Western Pennsylvania winter weather can wreak havoc on homes, cars, and property. This holds true even for durable materials such as metal roofing, which has several advantages over traditional materials when it comes to inclement weather. Metal roofs are less prone to leaking, for example, and are largely impact-resistant – holding up against even the worst hailstorms.
At the same time, however, homeowners in Pittsburgh and other areas with cool weather must consider heavy snowfall and winter weather with metal roofs. These are not wholly unique to metal as a roofing material, of course, but they are still important factors nonetheless.
Before You Buy
Depending on how cold your climate can get, you may want to consider your roof color before buying. Paints can affect how much heat a material absorbs, with darker-colored metal panels heating up faster. This can prevent snow from sticking to your roof, as it will cause it to slide off sooner. While this may also mean more heat during the summer, metal is still a cooler alternative to other roofs, such as asphalt shingle roofs.
When you first buy a roof, it’s important that you plan for a cool roof – a ventilated metal roof that allows for maximum air flow. The ventilation keeps your roof cooler during the summer, certainly, but the air-flow also helps prevent snow sticking in the winter, making it a year-round consideration.
Metal and Snow
Metal roofs tend to create an adhesive bond with snow, which may try to pull your panels down. This, however, is mostly a concern for roofing engineers, who have already planned for this and designed their roofing accordingly. Even still, here are a few best practices when it comes to maintaining your metal roof in the winter:
· Avoid shade on your roof – this can lead to ice dams.
· Orient your roof east-west to follow the sun and allow for solar melt.
· Insulate your ceiling.
· Use de-icing cabling.
While hardly difficult or unique problems, they are important to understand to make sure your metal roof works for you.

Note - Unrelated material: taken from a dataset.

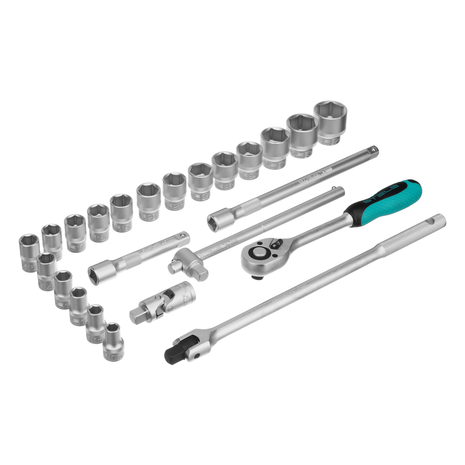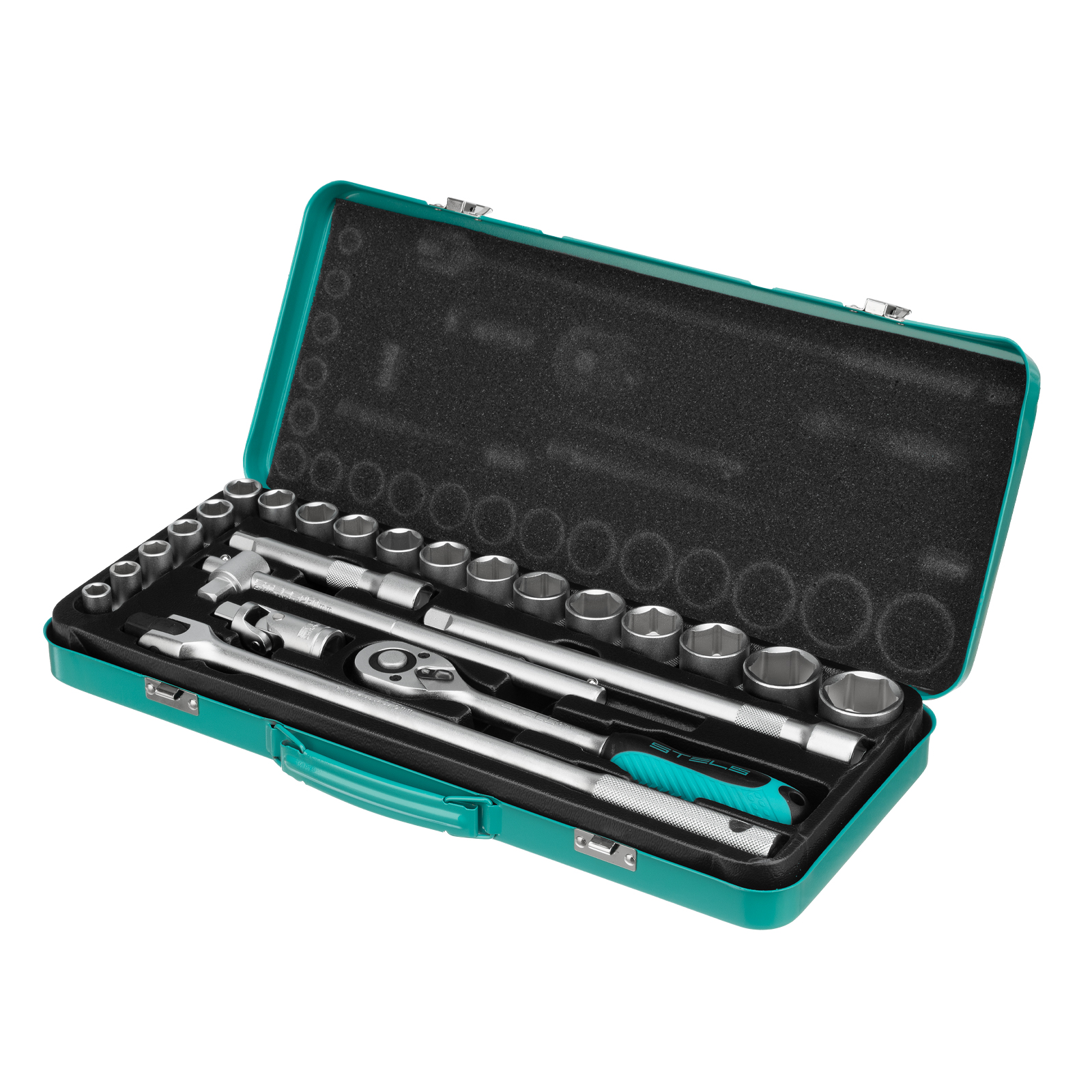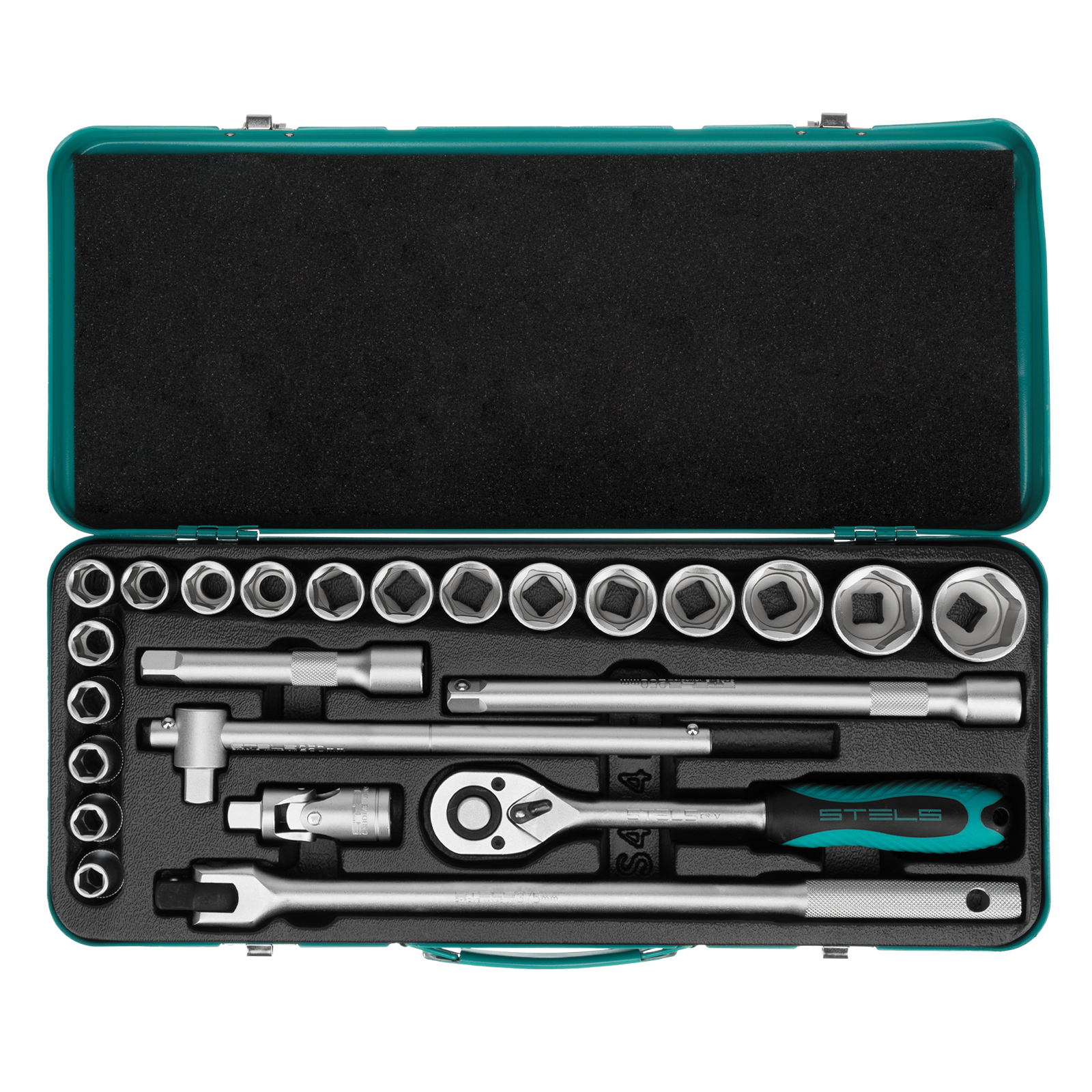Шоферский набор Stels 13578 с присоединительным квадратом 1/2 дюйма включает в себя 24 предмета. Он станет незаменимым помощником для специалистов СТО и автолюбителей, пригодится в гараже, поездке, а также дома и на даче.ПреимуществаУдобная работа в труднодоступных местах — трещотка с 72 зубьями позволяет вращать крепеж плавно и мягко.Прочность — инструменты выполнены из термически обработанной инструментальной стали.Встроенный механизм сброса — снятие и установка насадки занимает несколько секунд.Металлические фиксаторы — насадки крепко держатся и не слетают во время работы.Комфортная работа — эргономичная двухкомпонентная рукоятка не выскальзывает из ладони.Удобное хранение и транспортировка — набор поставляется в надежном металлическом кейсе с ложементом.Высокое качество — инструменты изготовлены под строгим технологическим контролем, на торцевые головки размером от 8 мм распространяется пожизненная гарантия производителя.

In addition to melting snow quickly, metal roofing also has a very slippery surface. What this means is that metal will shed snow quickly – sometimes dangerously so. Snow shed on a metal roof has been compared to an avalanche in intensity. This is obviously a safety hazard if you are near the edge of your house, and it can also damage your gutters.
Snow guards are an appropriate investment for any homeowner, regardless of their usual winter weather. Even a single snow can cause major damage, so planning accordingly and taking these considerations will help keep you and your metal roof safe.